2015-04-29 19:02:08 +02:00
Lucas De Marchi 03455c2879 core: emit changes for NFailedUnits property
By notifying the clients when this property is changed it's possible to
allow "system health monitor" tools to get transitions like
running<->degraded. This is an alternative to send changes on the
SystemState property since the latter is more difficult to derive.
2015-02-26 09:38:50 -05:00
Thomas Hindoe Paaboel Andersen 2eec67acbb remove unused includes
This patch removes includes that are not used. The removals were found with
include-what-you-use which checks if any of the symbols from a header is
in use.
2015-02-23 23:53:42 +01:00
Lennart Poettering 2e5c94b9aa core: when the user hits Ctrl-Alt-Del more than 7x per 2s, reboot immediately
This should be useful for cases where clean rebooting doesn't work, and
the user wants to hurry up the reboot.
2015-01-28 02:18:59 +01:00
Zbigniew Jędrzejewski-Szmek e801700e9a Implement masking and overriding of generators
Sometimes it is necessary to stop a generator from running. Either
because of a bug, or for testing, or some other reason. The only way
to do that would be to rename or chmod the generator binary, which is
inconvenient and does not survive upgrades. Allow masking and
overriding generators similarly to units and other configuration
files.

For the systemd instance, masking would be more common, rather than
overriding generators. For the user instances, it may also be useful
for users to have generators in $XDG_CONFIG_HOME to augment or
override system-wide generators.

Directories are searched according to the usual scheme (/usr/lib,
/usr/local/lib, /run, /etc), and files with the same name in higher
priority directories override files with the same name in lower
priority directories. Empty files and links to /dev/null mask a given
name.

https://bugs.freedesktop.org/show_bug.cgi?id=87230
2015-01-11 18:17:33 -05:00
Chris Leech befb6d5494 mount: monitor for utab changes with inotify
Parsing the mount table with libmount races against the mount command,
which will handle the actual mounting before updating utab.  This means
the poll event on /proc/self/mountinfo can kick of a reparse in systemd
before the utab information is available.

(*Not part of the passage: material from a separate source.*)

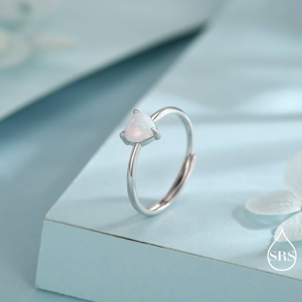 Sterling silver ring featuring a vibrant fire opal heart, adding bold color, radiant sparkle, and a romantic, stylish touch to everyday wear or meaningful gifting.

This change adds in an additional event source using inotify to watch
for changes to utab.  It only watches for IN_MOVED_TO events, matching
libmount behavior of always overwriting this file using rename(2).

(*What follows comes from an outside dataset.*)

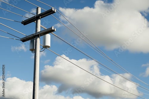 Power Pole Against a Blue Sky with Fluffy Clouds on a Bright Day in the Countryside

This does add a second pass through the mount table parsing when utab is
updated.
2014-11-28 14:30:50 -05:00
Zbigniew Jędrzejewski-Szmek 06d8d842e9 manager: let manager_free() handle NULLs
This makes the calling code a bit simpler.
2014-11-23 19:17:28 -05:00
Zbigniew Jędrzejewski-Szmek ebc5788e88 manager: print warning on console before reboot
It will be printed even if a prompt is blocking other messages.
2014-10-27 23:17:49 -04:00
Zbigniew Jędrzejewski-Szmek 127d5fd156 manager: convert ephemeral to enum
In preparation for subsequent changes.
2014-10-27 23:02:54 -04:00
Zbigniew Jędrzejewski-Szmek e46b13c8c7 manager: do not print anything while passwords are being queried
https://bugs.freedesktop.org/show_bug.cgi?id=73942
2014-10-27 22:33:14 -04:00
Lennart Poettering fa1b91632c core: remove system start timeout logic again
The system start timeout as previously implemented would get confused by
long-running services that are included in the initial system startup
transaction for example by being cron-job-like long-running services
triggered immediately at boot. Such long-running jobs would be subject
to the default 15min timeout, esily triggering it.

Hence, remove this again. In a subsequent commit, introduce per-target
job timeouts instead, that allow us to control these timeouts more
finegrained.
2014-10-28 01:42:13 +01:00
Lennart Poettering d81afec1c9 core: split up "starting" manager state into "initializing" and "starting"
We'll stay in "initializing" until basic.target has reached, at which
point we will enter "starting".

This is preparation so that we can change the startip timeout to only
apply to the first phase of startup, not the full procedure.
2014-08-22 18:10:31 +02:00
Lennart Poettering 2928b0a863 core: add support for a configurable system-wide start-up timeout
When this system-wide start-up timeout is hit we execute one of the
failure actions already implemented for services that fail.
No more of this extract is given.